Jetzt will ich Ihnen sagen, Herr Blüm hat es damals aus einem Grund geändert: weil wir in die hohe Arbeitslosigkeit hineingelaufen sind und Brücken gebaut werden sollten für ältere Arbeitnehmer. Zusammen mit den Gewerkschaften, den Arbeitgeberverbänden, den Betriebsräten und den Arbeitgebern sollten diese Brücken gebaut werden, um sie früher aus dem Betrieb herauszubekommen. Das war der Grund.
Im Übrigen: Die IG Metall, die heute sagt, ich habe mit der Argumentation, die ich heute vortrage, so unrecht, hat damals dagegen geklagt, und zwar genau mit der Begründung, dass das herauskäme, dass die Menschen zu früh aus den Betrieben hinauskomplimentiert würden.
Sie hat Recht. Warum sie es jetzt anders sieht? Da habe ich gerade dieser Tage Gelegenheit gehabt, mit Jürgen Peters zu diskutieren.
Eines stand im letzten Jahr an und steht jetzt wieder an, nämlich die Frage im Zusammenhang mit der Rentenreform, über die wir reden, ob wir uns vor dem Hintergrund der demografischen Veränderung in Deutschland die Mentalität bei Arbeitgebern, aber auch bei vielen Arbeitnehmern leisten können zu sagen, so früh wie möglich aus dem Betrieb heraus.

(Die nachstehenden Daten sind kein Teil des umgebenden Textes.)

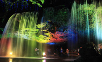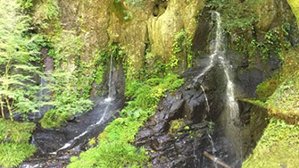 遊歩道を20分程川上に歩くと、高さ約15mのカッパ滝があります。夏は水量が多く、とても涼しい場所です。秋の紅葉時期の晴れた日には、綺麗な虹を見ることができます。
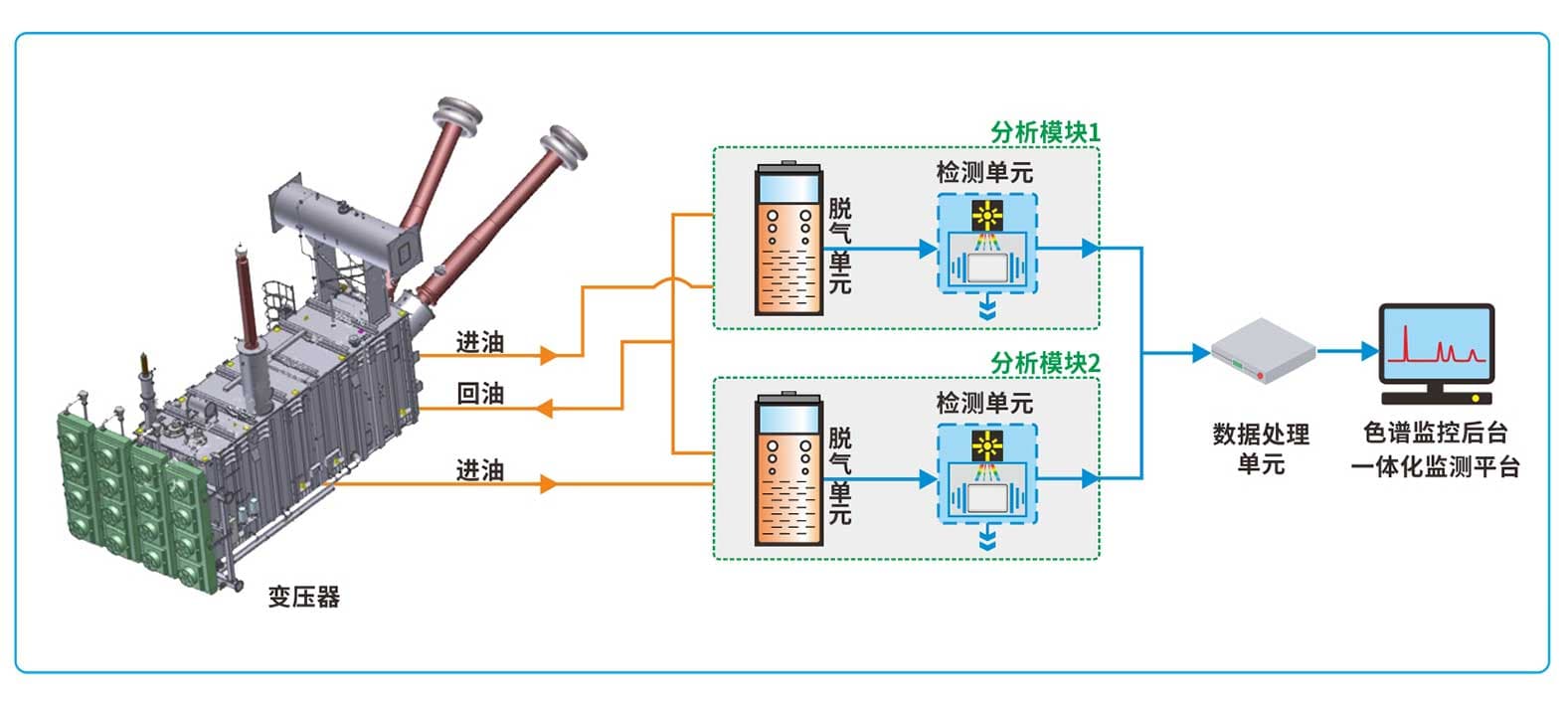 整套系統采用冗余模塊化設計,每套油樣采集與油氣分離檢測單元相互獨立工作,互不干擾,分別輸出乙炔檢測數據,一套檢測單元工作異常或退出時不影響其它模塊的運行。
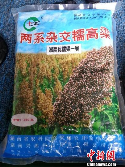 汪長松提供的種子包裝袋上寫著,兩系雜交糯高粱“湘兩優糯粱一號”由湖南省農科院高粱研究開發中心研制。
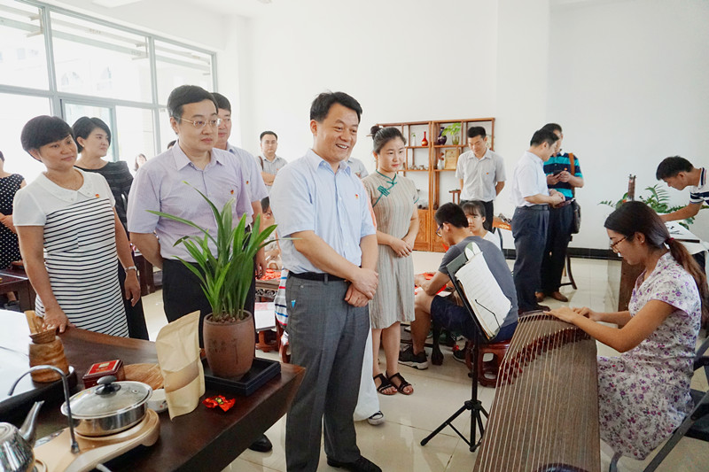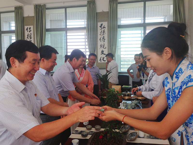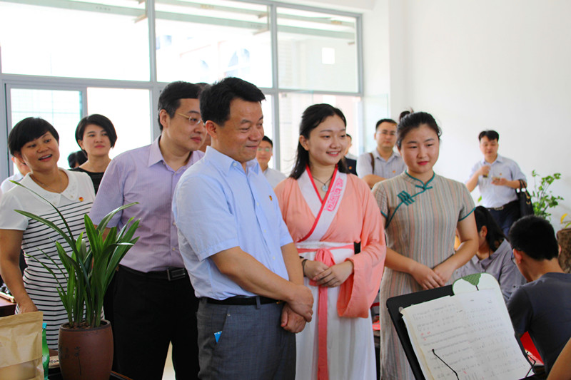 国学社,国学社内窗明几净,茶艺组社员现场为傅振邦书记一行展示了茶的冲泡过程,并按“以茶表敬意”的传统礼节向傅振邦书记一行客人奉上新泡制的香茗。傅振邦书记一行在国学社内还观看了由社团同学带来的古筝与箫的合奏表演、书法展示以及传统手工剪纸活动。观看期间,国学社社长张君怡同学向傅振邦书记一行详细介绍了社团建设及发展情况,傅振邦书记也十分关心国学社发展现状并详细询问社团情况,对国学社弘扬中华民族优秀传统文化,践行社会主义核心价值观的社团宗旨表示赞扬。
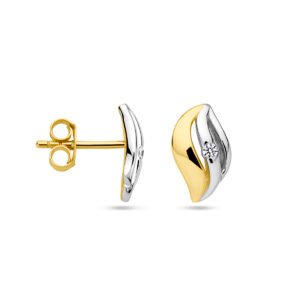 925 Zilveren oorstekers, deels gerhodineerd en deels met 1 micron geelgoud plating. De oorstekers zijn uitgevoerd met zirkonia. Geen garantie op plating.
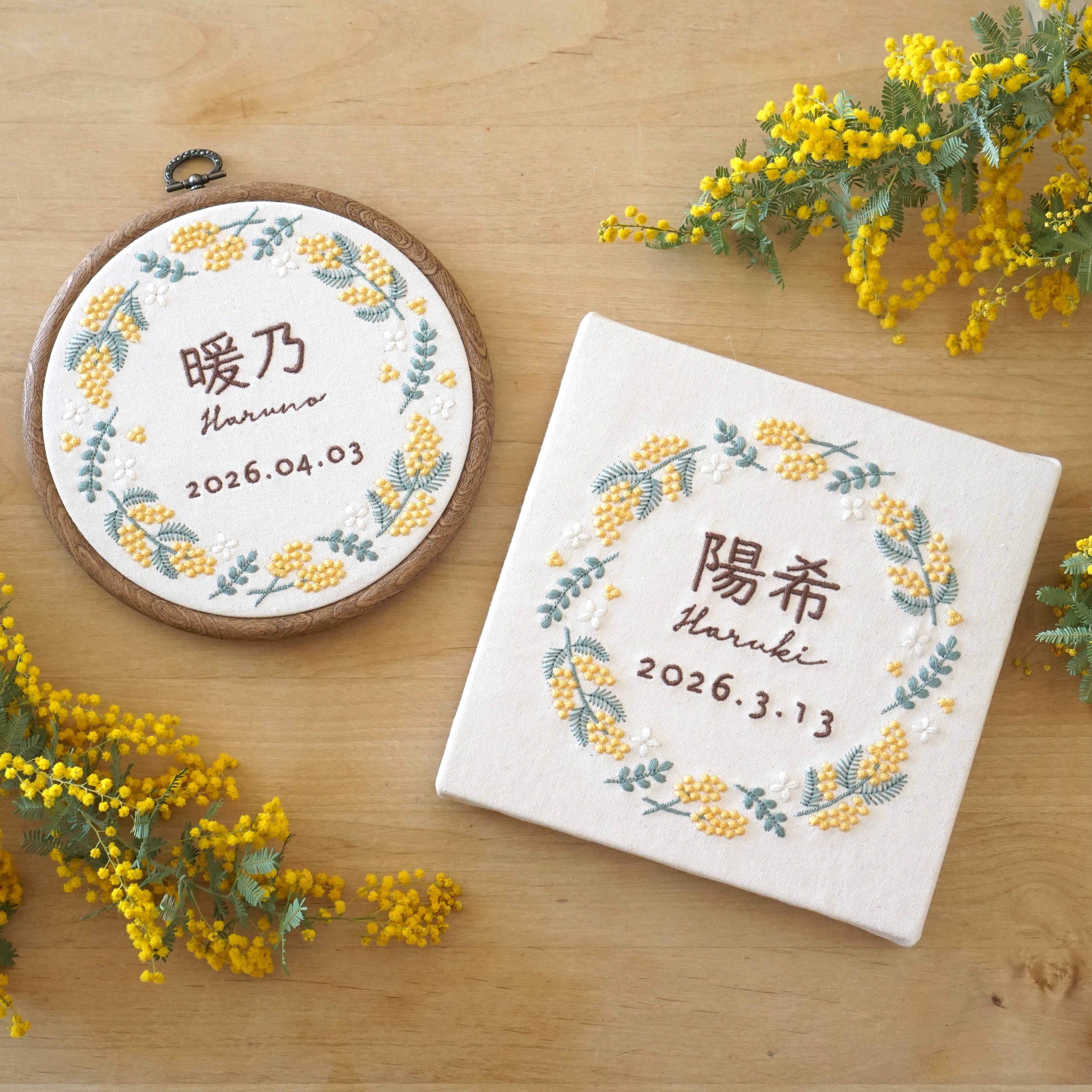 刺繍の命名書 ミモザのリース / まんまる刺繍枠

Ja, gut. Frau Thelen, aber über solche Fragen muss man sich klar werden, wenn man solche Forderungen stellt, wie Sie gerade eine stellen. Das ist eine Weichenstellung.
Ein solcher Weg zurück de facto zu einer Verkürzung der wirklichen Arbeitszeit ist ein falscher Weg. Den werden wir nicht durchhalten. Wir dürfen den Menschen, gerade den Arbeitnehmerinnen und Arbeitnehmern, nicht vormachen, dass dieser Weg machbar ist. Wir haben heute auf vier Menschen im arbeitsfähigen Alter einen Menschen im Rentenalter. Wir werden in 30 Jahren auf zwei Menschen im arbeitsfähigen Alter eine Rentnerin oder einen Rentner haben.
Das hat damit zu tun, ob Sie wieder den Weg eröffnen, solche Glücksketten aufzubauen, um Leute möglichst früh aus den Betrieben herauszubringen. Damit hat es zu tun.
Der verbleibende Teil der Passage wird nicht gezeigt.